* Dataset records
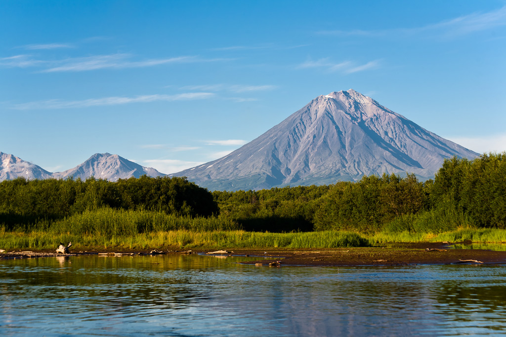 Вулкан Ключевская Сопка — это идеальный усеченный конус с диаметром основания в 15 километров. Над главным кратером всегда вьется лёгкая дымка, а его вершину венчает ледяное «одеяло», которое никогда не тает.
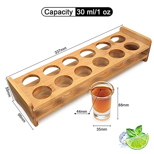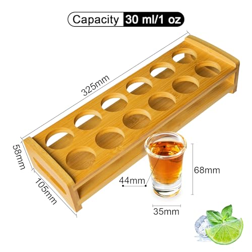 - 【Size and Capacity】: The holder is 337mm long, 99mm wide and 55mm high. The shot glass is round shape. The diameter is bottom 35mm, top 44mm and height 68mm. The capacity is 30ml. Perfect for taking a shot.
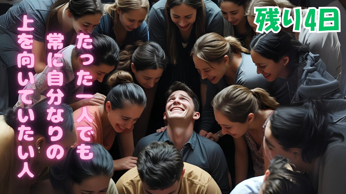 周りの全員が楽しそうに(何かいいことがありそうな)下の方を向いているのですが、1人だけ上を見続けている中央の男性。
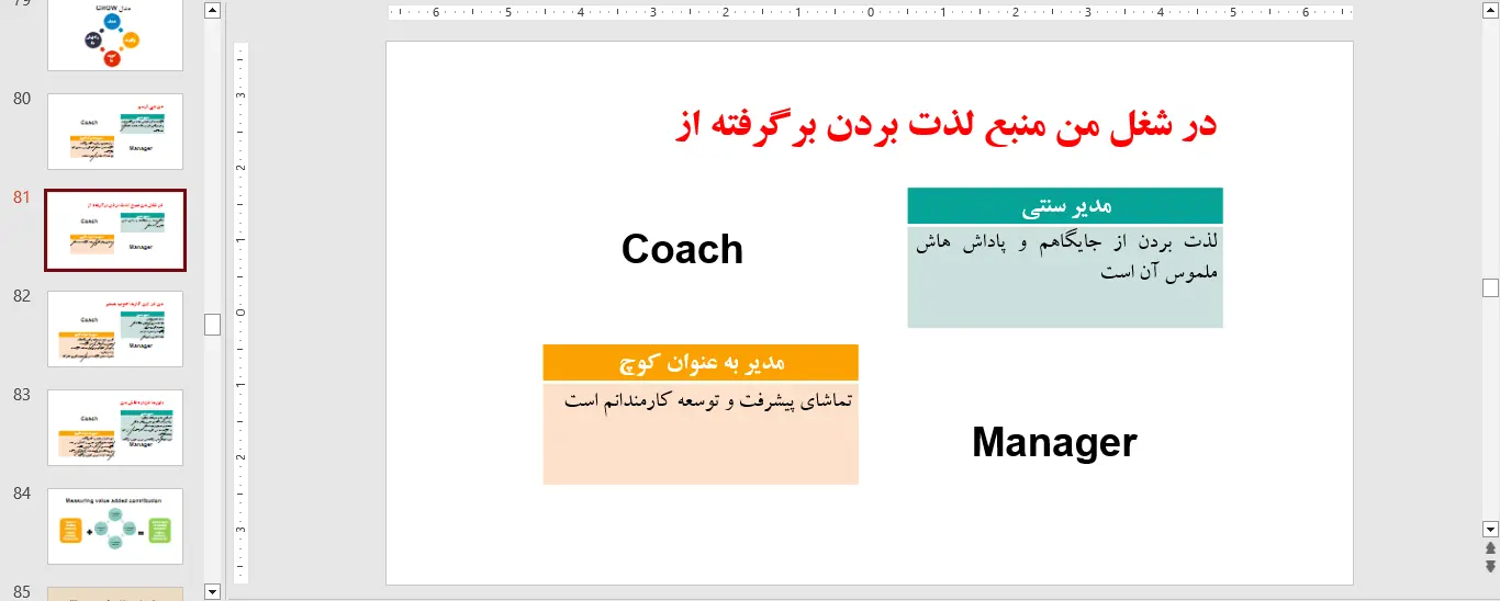 نمونه ای از اسلاید های پاورپوینت مدیر در نقش کوچ
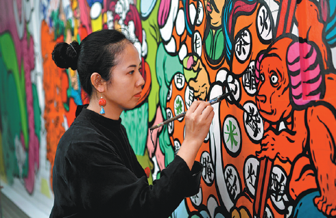 Her love for mural paintings started in 2010 when she visited Sanbao, a village in China's porcelain capital of Jingdezhen in East China's Jiangxi province.
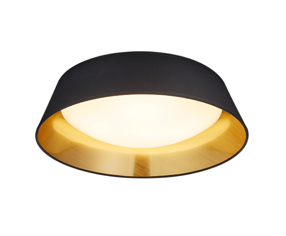 Een moderne plafondlamp uit de RL-collectie van het merk Trio. Deze plafonnière is gemaakt van textiel en kunststof. De lamp heeft een zwarte kleur met goudkleurige binnenkant en de kap van de lamp is wit. De Ponts heeft een LED lamp met een wattage van 18W. De ingebouwde SMD-LED lichtbron heeft een warmte van 3000K en heeft 1700 lumen. Door het strakke design past deze plafondlamp in veel verschillende interieurstijlen en ruimtes zoals de slaapkamer of woonkamer. Let wel, deze plafondlamp dient op een normale lichtschakelaar geplaatst te worden en is niet geschikt voor een externe dimmer.
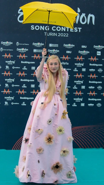 Над гардеробом нидерландской певицы тоже отлично потрудился стилист. Он нашел ей и стильный комплект с укороченным жакетом, юбкой и брюками для сценического выступления, и розовое платье с акцентными плечами Victor & Rolf из весенне-летней коллекции 2022.
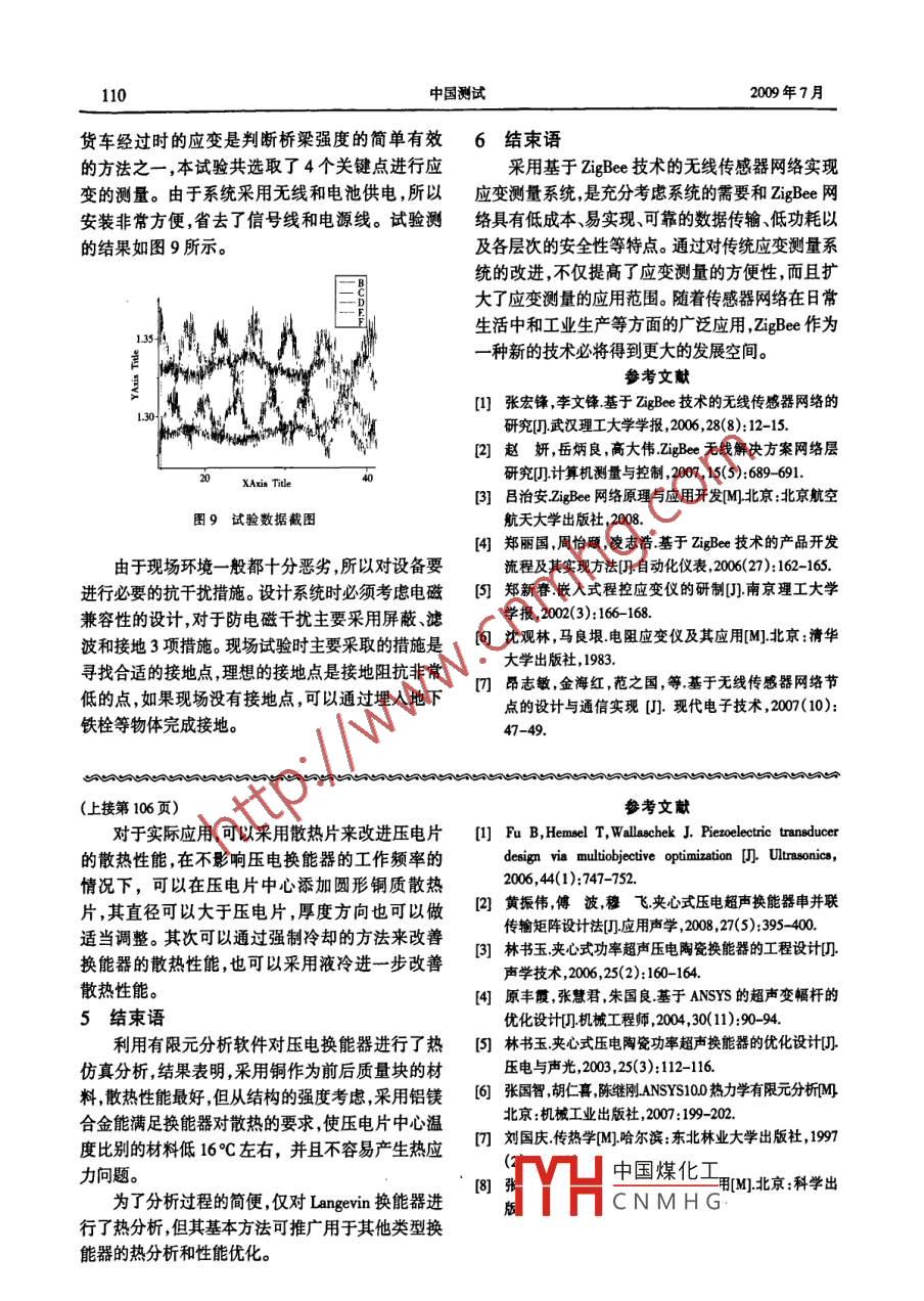 第35卷第4期Vol35 No 4200年7月CHINA MEASUREMENT TESTJuy,2009壓電換能器的熱仿真分析陳飛,傅波(四川大學制造科學與工程學院四川成都610065)摘要:壓電換能器在工作過程中的發(fā)熱不僅會引起換能器的性能下降而且還可能導致?lián)Q能器失效?;趥鳠釋W的基本理論應用 ANSYS有限元分析軟件建立了壓電換能器的熱分析模型。采用有限差分的數(shù)值求解方法對換能器的整體溫度場進行了求解分析了前后質量塊采用不同材料的 Langevin換能器的溫度場分布規(guī)律,為大功率壓電換能器的散熱和性能優(yōu)化方法的研究提供了基礎關鍵詞:壓電換能器;發(fā)熱;熱仿真;有限元;溫度場中圖分類號:TP919;TP212文讞標識碼:A文章編號:1674-5124(200004010403Thermal simulation analysis of piezoelectric transducerCHEN Fei, F BoCollege of Manufacturing Science and Engineering, Sichuan University, Chengdu, 610065, China)Abstract: The heating of piezoelectric transducer not only lowers the efficiency of these devices, but may alsolead to their failure. Based on the heat transfer equation, the FEM thermal analysis model of piezoelectrictransducer was established by means of ANSYS. The temperature field distribution of Langevin transducers withvarious material types was analyzed. The work provides a foundation for the thermal analysis and optimization oflarge power piezoelectric transducers.Key words: Piezoelectric transducer; Heat; Thermal simulation; Finite element; Temperature field1引言析,就可以在產品開始生產之前確定和消除熱問目前,在功率超聲領域例如超聲清洗和超聲題降低設計成本,提高設計、生產、再設計和再生焊接中,對大功率壓電換能器的需求不斷增加。但產的效能,縮短高性能壓電換能器的研制周期,并是,隨著功率的提高壓電片的發(fā)熱量也會相應地有助于進行故障分析。增加,如果換能器結構設計不合理,熱量得不到有2壓電換能器熱仿真分析基本理論效地散發(fā),壓電片的溫度就會不斷上升,從而造成壓電換能器熱分析,又稱為熱模擬,是利用換能器性能的下降,嚴重的情況下(例如接近居里數(shù)學的手段在壓電換能器的概念設計階段獲得溫度)換能器會失效,從而影響整機工作的可靠性,溫度分布的方法,它可以使壓電換能器設計人員甚至造成設備故障,引起災難性的后果。統(tǒng)計資料在設計階段就能發(fā)現(xiàn)產品的熱缺陷,從而改變其表明,在正常溫度范圍內,電子元器件的失效率隨設計。元器件溫度的升髙呈指數(shù)增加,大致來說,元器件隨著現(xiàn)代計算機技術的飛速發(fā)展,用數(shù)值方法的溫度每升高10°C,其可靠性減半。因此,對壓電求解傳熱學問題所占的比重越來越大。數(shù)值方法主換能器進行可靠的熱分析,實施有效的熱控制措要有有限差分法、有限容積法、有限元素法及有限施是提高換能器工作可靠性的關鍵措施之一。通分析法等。在計算溫度場時整個傳熱過程可以簡過實驗的方法來研究換能器的發(fā)熱問題,耗時長成化為本高。如果采用數(shù)值模擬方法來對換能器進行熱分能量守中國煤化工分布可以根據(jù)CNMH作者滴介請飛(932男.四川成都市人碩士研究生,0x“ax+,1游+1a)+9=C0收稿日期:2008-12-26;收到修改稿日期:2009-03-11專業(yè)方向為超聲振動技術及應用。第35卷第4期陳飛等:壓電換能器的熱仿真分析105式中C——材料的比熱容單位為J(Km3);32壓電換能器熱分析模型—溫度隨時間的變化率,即單位時間在進行熱分析前,首先要根據(jù)實體結構建立如圖2所示的熱分析模型。模型的建立必須與實體模的溫升;型相一致,考慮到計算量和易于網格剖分等因素k,,—x,y,z方向上的熱導率,單位為在 ANSYS里建立的14分析模型如圖3所示該圖是進行了網格剖分后的實體簡化模型,此熱分析模對于各向同性導熱材料k二二kk,上式變?yōu)?型中忽略了電極片,將壓電環(huán)簡化為壓電片,忽略(2)了螺栓和預應力螺栓絕緣套筒。在穩(wěn)態(tài)情況下,7=0,上面兩個方程變?yōu)?(3)t a2t at根據(jù)上述控制方程、邊界條件和初始條件創(chuàng)建圖2換能器有限元分析模型圖3模型網格劃分圖一個溫度場泛函表達式利用變分法推導有限元公3施加熱載荷并求解式,然后利用迭代法或消去法進行求解,即可得到分析時作如下假設:①壓電片是平面均勻熱相應的計算結果源;②環(huán)境溫度和換能器的初始溫度為25℃;③忽3壓電換能器的熱仿真分析略熱幅射效應④壓電片產生的熱功率為100W,與有限元分析的方法是目前在工程領域中常用外界的熱對流系數(shù)為20W(m2K);⑤器件的外表的數(shù)值模擬方法ANSY作為有限元分析軟件在熱面與周圍空氣進行對流換熱其對流換熱系數(shù)h為分析方面具有強大的功能可以分析工程中普遍存常數(shù)周圍空氣的溫度女為常數(shù)該邊界滿足的條在的熱問題其熱分析的基本原理是將所處理的對件為:象劃分成有限個單元(包含節(jié)點),然后根據(jù)能量守進而進一步求解出其他相關量本文主要通過穩(wěn)態(tài)式中≈h(恒的原理求解一定邊界條件和初始條件下的每個(5)節(jié)點處的平衡方程,由此計算出各節(jié)點的溫度值,n,一為邊界處的溫度梯度為導熱分析對壓電換能器進行傳熱分析。熱系數(shù);3.1壓電換能器的結構與原理h——壓電片與空氣間的對流換熱系數(shù);Langevin換能器,在原理上可以被簡化為表示邊界處溫度;“三明治”結構壓電環(huán)被夾在兩金屬端塊之間。圖y空氣的溫度。1顯
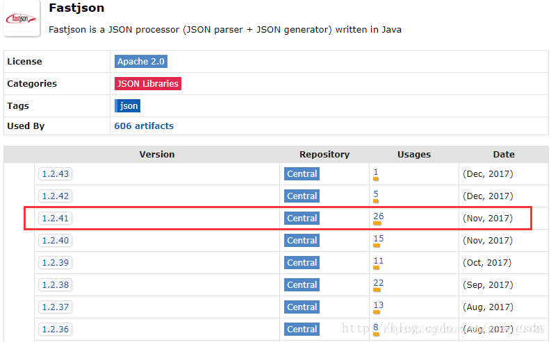 com.alibaba fastjson 1.2.41 原文链接:https://blog.csdn.net/gxx_csdn/article/details/78777051
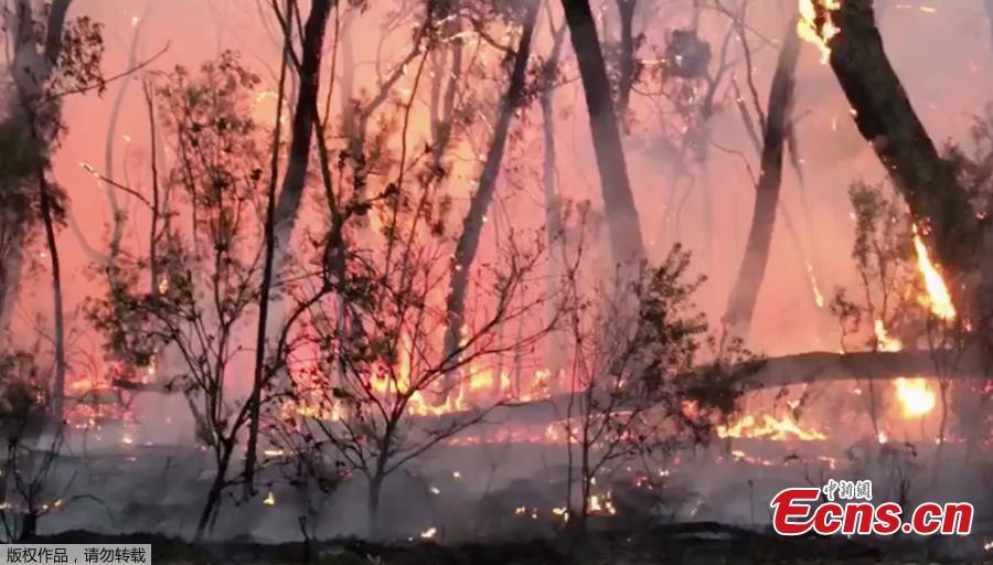 A fire blazes across bush in Newnes Plateau, New South Walles, Australia, December 7, 2019 in this picture grab obtained from a social media video on December 8, 2019. (Photo/Agencies)
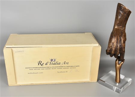 scultura in bronzo realizzata con fusione a cera persa e base di plexiglass, cm 40x13,5; es. 243/250
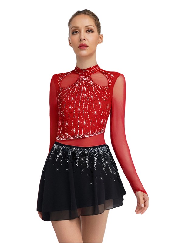 The long-sleeve design is a trendy element, adding elegance and warmth, making it suitable for various dance styles and performances.
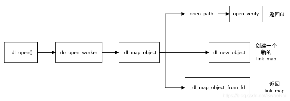 暂且将dlopen.c文件中的调用关系称为第一层调用吧,其具体图示如下所示:
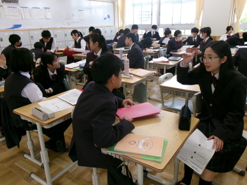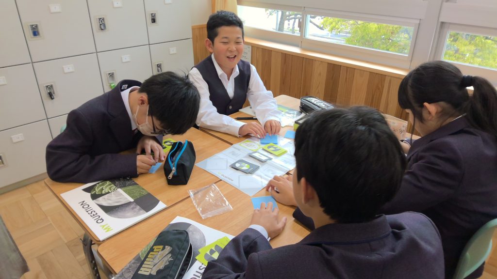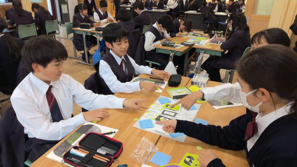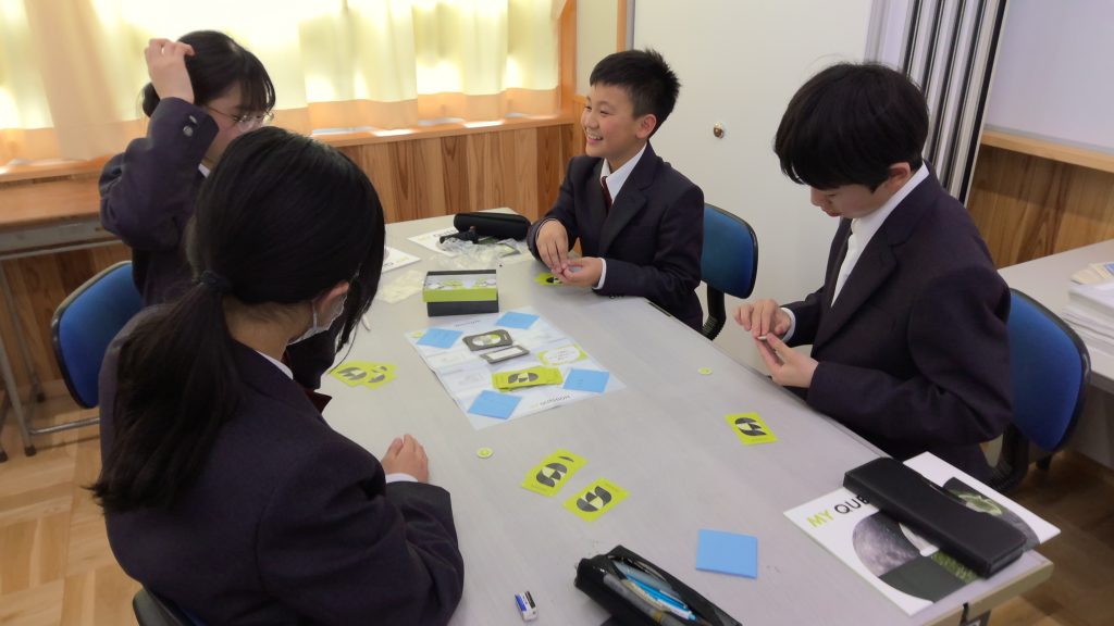 本日の午後は、1、2年生ともに、総合的な学習の時間がありました。1年生では、教材「マイクエスチョン」を活用し、カードゲームを通して、問いの立て方を学びました。みんながもっと考えてみたくなる問いについて、楽しみながら考察する機会になりました。2年生は、未来予想図Ⅲ「愛知県探究」や未来予想図Ⅳ「勤労探究」の今後の展望についての説明を受け、特に「愛知県探究」について、春休み中に各自が考えた問いについて交流する機会を設けました。これからは、各学年の計画にそって、本格的に始まっていきます。ご家庭でも、総合の授業の内容について、話題にしていただけますと幸いです。

* Task details
Output an exact copy of the lines from the one with "scultura in bronzo" through the closing line of the records, inclusive, without any images.

* Response
 scultura in bronzo realizzata con fusione a cera persa e base di plexiglass, cm 40x13,5; es. 243/250
 The long-sleeve design is a trendy element, adding elegance and warmth, making it suitable for various dance styles and performances.
 暂且将dlopen.c文件中的调用关系称为第一层调用吧,其具体图示如下所示:
 本日の午後は、1、2年生ともに、総合的な学習の時間がありました。1年生では、教材「マイクエスチョン」を活用し、カードゲームを通して、問いの立て方を学びました。みんながもっと考えてみたくなる問いについて、楽しみながら考察する機会になりました。2年生は、未来予想図Ⅲ「愛知県探究」や未来予想図Ⅳ「勤労探究」の今後の展望についての説明を受け、特に「愛知県探究」について、春休み中に各自が考えた問いについて交流する機会を設けました。これからは、各学年の計画にそって、本格的に始まっていきます。ご家庭でも、総合の授業の内容について、話題にしていただけますと幸いです。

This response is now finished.